Karısı henüz istediği tazminata kavuşmadığı için bana gelse bile onu kabul etmeyeceğimden çok emindi. Çünkü biz peşin parayla çalışırdık. Bu işi tamamen keyfi olarak almıştım. Kadının yanına iki koruma verdiğim an Ömer'in etekleri tutuştu çünkü işi kabul ettiğimi anladı. Karısının artık müşterim olduğunu anladı ve bu olunca sonraki adımı tahmin etmek zor değildi. Sonraki adım müşterimi her anlamda korumak için ona tehlike arz eden şeyi ortadan kaldırmaktı. Uzun süre saklanamayacağını bildiği için bugün buraya gelmişti.

Bir daha o kadının yanına bile yaklaşmaya cesaret edemez.

Kenan çıkardığı ceketini koltuğun üzerine bırakırken ben askıdaki ceketimi giyiyordum. Yaz olması üşümeme engel değil. Terasa çıktığımda peşimden geldi. "Yakında evleniyorsun ama hiç heyecanlı görünmüyorsun." Yanımda durup bana baktı. "Bir sorun mu var?" Sıkıntılı yüz ifadesi benimle ilgili şeyleri sorgular gibiydi. Bende değil ama son zamanlarda onun davranışlarında bir sorun vardı. Sürekli konuyu evliliğime getiriyor, bir sorun bulmaya çalışıyor gibiydi.
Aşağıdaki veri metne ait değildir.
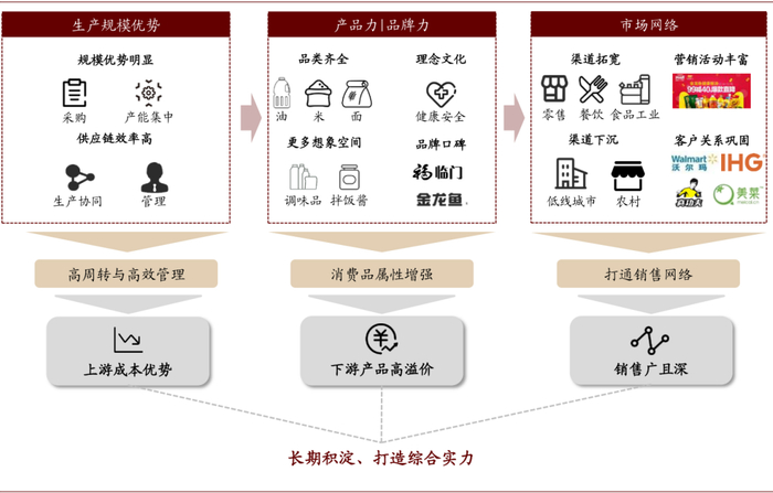 我们认为打造平台型企业应在三个方面看到竞争力,在生产环节需具备完善的供应链布局,以此为底层支持,推动压榨端效率提升;在产品端需具备品牌打造能力,借此不断提升产品的品牌溢价;在销售端需建立宽而深的渠道网络,以高效管理为渠道提供助力。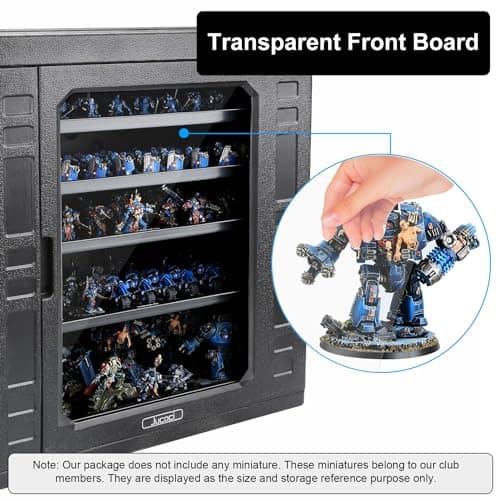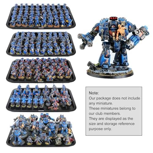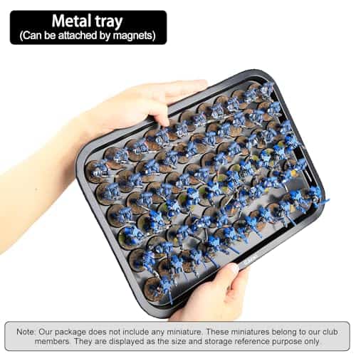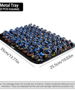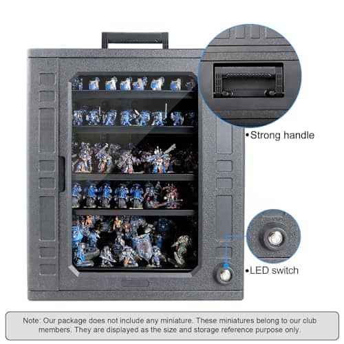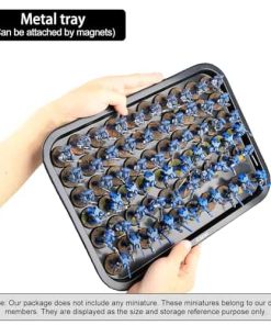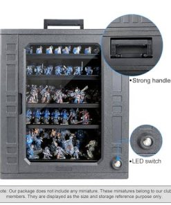Estuche de Almacenamiento de Miniaturas Jucoci Miniaturas Estuche de Transporte (Tamaño grande con luz) – Este estuche de transporte de miniaturas de Jucoci es perfecto para guardar y transportar tus miniaturas de forma segura. Incluye 5 bandejas de metal que se conectan mediante imanes, lo que mantiene tus miniaturas estables durante el transporte. La altura de las bandejas es ajustable para adaptarse a diferentes tamaños de miniaturas. El estuche está hecho de plástico resistente y requiere montaje, pero el vendedor puede proporcionar ayuda si es necesario. Además, este estuche viene con una actualización de luz LED que ilumina tus miniaturas en entornos oscuros, haciéndolas destacar. Por favor ten en cuenta que las miniaturas que se muestran en las imágenes del producto son solo para referencia y no están incluidas en la compra del estuche.

"Duygularımı dışarıya vurmamam bu evliliği istemediğim anlamına gelmez." Ellerimi terasın korkuluklarına bastırıp derin bir nefes aldım. "Sana bir sorun olduğunu düşündüren sebep nedir?" Onu tanımasam evlenmemi istemediğini düşünürdüm.

"Her şeyden önce ben senin yakın arkadaşınım," dediğinde içini kemiren şeyi anlamak ister gibi bakıyordum. "Yanlış bir karar vermeni istemiyorum. Rengin'i gerçekten seviyor musun?" Son zamanlarda hep yaptığı gibi yine Rengin'e olan duygularımı sorgulamaya başlamıştı.

"Sevmediğim bir kadınla neden evlenmeye kalkışayım?" Rengin'i sevdiğimi çok iyi biliyordu. İki yıldır sır gibi sakladığım kadını seviyorum. Son dört ayı saymazsak kimse onun hayatımda olduğunu bile bilmiyordu. Onu gölgesinden bile korumak isterken ona olan sevgim sorgulanmaya açık değildi.

Bana sıradan bir bahane sunarak, "Şu zamana kadar onu bir kez bile kıskandığını görmedim," dedi. Bu sevgimi sorgulayacak bir bahane olamazdı. Kıskançlık denen duyguyu hep fazla basit bulmuşumdur. Birine her konuda güveniyorsan kıskanmana gerek kalmıyor. Sevmenin kıskançlıkla bir ilgisi olduğunu düşünmüyorum. Şu zamana kadar ki ilişkilerimde hiçbir zaman kıskanan taraf olmadım.